But she does know that; it is, in fact, the whole point of the piece
Secondly, any claim that E = mc^2 is a 'sexed' equation is such utter drivel it's hardly worth spending a minute's thought on. Sexed HOW, exactly? Does she imagine some nasty sexist physicists sat down one day and decided on the laws on the universe to suit themselves?
The meaning of her claim that it is a 'sexed equation' is not obvious, that is why it requires some thought.
As for her idea being a piece of feminist philosophy and not science, well, that's all well and good, but she should limit herself to talking about things that have some relevance to her subject, rather than ranting incoherently about a subject which clearly has nothing to do with hers.
Oh dear, we're back with self-evidence again.
So the gendered language of solids and fluids has nothing to do with feminist philosophy?
OK, so I misread the part about Principia, but don't see how that can be seen as much more ridiculous than her assertion about E = mc^2.
But you've said you don't know what her assertion about E=mc2 means.. so how can it be ridiculous?

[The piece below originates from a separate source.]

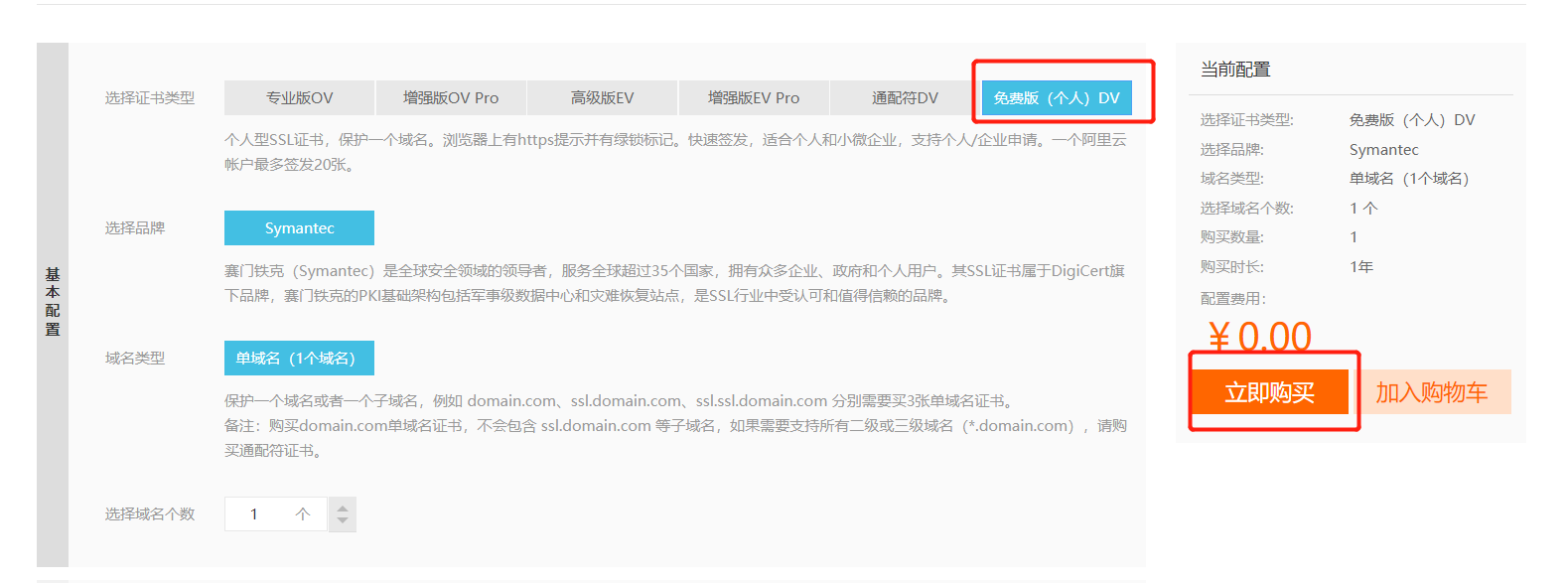 3、選擇免費版(個人)DV,點擊立即購買如圖。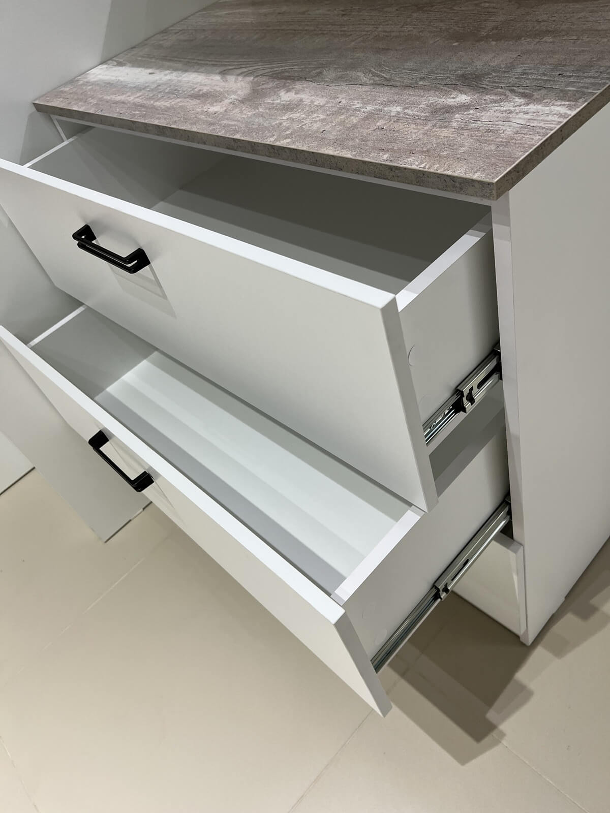 Доводчики. Дно выдвижных ящиков прочное - выполнено из ЛДСП 16 мм (не ДВП!) |

I just find it incredible that people can assume that their intellectual discipline, which has arisen more oiut of political fashion than anything else
interesting and revealing characterisation of feminist thought, that
and may well be forgotten about in a few decades' time, takes precedence over laws of physics which demonstrably apply throughout the whole of time and space.
You're aware of course that the ways in which those 'laws' - if they can be characterised as laws, not all scientists would talk in such terms any more - have been interpreted and understood has changed over the years? You're aware that science is not some monolithic entity which agrees on everything...
Finally, I've noticed a trend in this thread for anyone who supports any thinker under attack to say "well they're not really a postmodernist at all". If Irigaray isn't a postmodernist, then what is she? Why do opponents of postmodernism attack her? Does that mean it has become a dirty word, that no-one really wants to be associated with it these days? I'm reminded of people who say al-Qu'eda and the Taleban are "not Muslims", full stop, rather than merely representing the most reactionary and violent strain of Islam.
It's just a question of accuracy. Lyotard, for instance, I would have no problem with him being described as a postmodernist; he uses the term and uses it positively. Baudrillard is at best ambivalent about the term, which he rarely uses. Irigaray, as far as I am aware, never uses the term, nor is she especially interested in postmodern themes, except where the term is used incredibly vaguely to mean 'that continental stuff'.
The muslim analogy is inappropriate, too. Those who make the argument that the Taleban are 'not Muslim' do so in order to disavow particular examples and defend the general category Islam. We are rejecting the lazily-applied general category 'postmodernism' in order to defend particular thinkers.